Eighteen rural hospitals closed last year and the first three months of 2020 were “really big months,” says Mark Holmes, director of the Cecil G. Sheps Center for Health Services Research at the University of North Carolina-Chapel Hill. Many of the losses are in Southern states, including Florida and Texas. One 2019 study found that death rates in the surrounding communities increase nearly 6% after a rural hospital closes — and that’s when there’s not a pandemic.
Add to that what is known about the coronavirus: People who are obese, live with diabetes, hypertension, asthma and other underlying health issues are more susceptible to COVID-19. Rural areas tend to have higher rates of these conditions. And rural residents are more likely to be older, sicker and poorer than those in urban areas. All this leaves rural communities particularly vulnerable to the coronavirus.

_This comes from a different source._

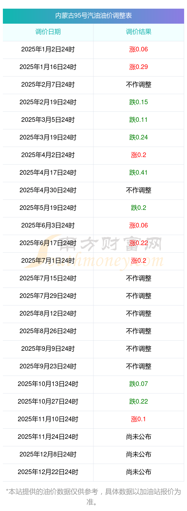 11月12日,內(nèi)蒙古95號(hào)汽油的價(jià)格是7.34元每升,本次的調(diào)整時(shí)間為11月11日,對(duì)比上次的調(diào)整增了0.1元,增1.381%,11月24日24時(shí)為下一輪油價(jià)調(diào)整時(shí)間,還有12.31天。

Congress approved billions in federal relief funds for health care providers. Initially, federal officials based what a hospital would get on its Medicare payments, but by late April they heeded criticism and carved out funds for rural hospitals and COVID-19 hot spots. Rural hospitals leapt at the chance to shore up already-negative budgets and prepare for the pandemic.
The funds “helped rural hospitals with the immediate storm,” says Dr. Don Williamson, president of the Alabama Hospital Association. Nearly 80% of Alabama’s rural hospitals began the year with negative balance sheets and about eight days’ worth of cash on hand…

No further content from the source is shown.